La democrazia si sta sciogliendo?
Forse la storia del ghiacciaio Siachen, il campo di battaglia più alto del mondo, è la metafora più appropriata della follia dei nostri tempi. Migliaia di soldati indiani e pakistani sono stati schierati lì, sopportando venti gelidi e temperature che scendono fino a meno 40 gradi Celsius. Delle centinaia di persone che sono morte lì, molte sono morte solo a causa degli elementi.
Il ghiacciaio è ora diventato una discarica, ricoperta dai detriti della guerra: migliaia di proiettili di artiglieria vuoti, fusti di carburante vuoti, piccozze, vecchi stivali, tende e ogni altro tipo di rifiuto generato da migliaia di esseri umani in guerra. La spazzatura rimane intatta, perfettamente conservata a quelle temperature gelide, un monumento incontaminato alla follia umana.
Mentre i governi indiano e pakistano spendono miliardi di dollari in armi e nella logistica della guerra ad alta quota, il campo di battaglia ha cominciato a sciogliersi. Al momento si è ridotto a circa la metà delle sue dimensioni. Lo scioglimento ha meno a che fare con lo stallo militare che con le persone lontane, dall’altra parte del mondo, che vivono la bella vita. Sono brave persone che credono nella pace, nella libertà di parola e nei diritti umani. Vivono in fiorenti democrazie i cui governi fanno parte del Consiglio di Sicurezza delle Nazioni Unite e le cui economie dipendono fortemente dall’esportazione di guerre e dalla vendita di armi a paesi come India e Pakistan. (E Ruanda, Sudan, Somalia, Repubblica del Congo, Iraq, Afghanistan... è una lunga lista.)

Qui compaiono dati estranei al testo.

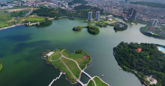 鴛鴦湖位于陽江市中心。水面積為47公頃,為天然的氣溫調(diào)節(jié)湖。鴛鴦湖湖水清澈,湖岸楊柳垂堤,山清水秀,花繁葉茂,樓臺閣榭點綴其間,與綠樹相映成趣,別具南國湖光韻味。湖邊有南國風箏場,1991年建成,占地12萬平方米,“南國風箏場”由原廣東省省長葉選平題字。風箏場可容數(shù)萬群眾同時進行放飛風箏娛樂活動,是市民和游客休閑、娛樂的好去處,是我國極負盛名的風箏放飛場,每年在這里舉行放風箏比賽。

Lo scioglimento dei ghiacci causerà gravi inondazioni nel subcontinente e, infine, una grave siccità che influenzerà la vita di milioni di persone. Questo ci darà ancora più motivi per combattere. Avremo bisogno di più armi. Chi lo sa? Questo tipo di fiducia dei consumatori potrebbe essere proprio ciò di cui il mondo ha bisogno per superare l’attuale recessione. Allora tutti, nelle fiorenti democrazie, avranno una vita ancora migliore e i ghiacciai si scioglieranno ancora più velocemente.
Arundhati Roy è nata nel 1959 a Shillong, in India. Ha studiato architettura a Nuova Delhi, dove ora vive. Ha lavorato come scenografa e sceneggiatrice in India. Roy è l'autore del romanzo Il Dio delle piccole cose, per il quale ha ricevuto il Booker Prize nel 1997. Il suo nuovo libro, appena pubblicato da Libri di Haymarket, è Appunti sul campo sulla democrazia: ascoltare le cavallette. Questo post è adattato dall'introduzione a quel libro.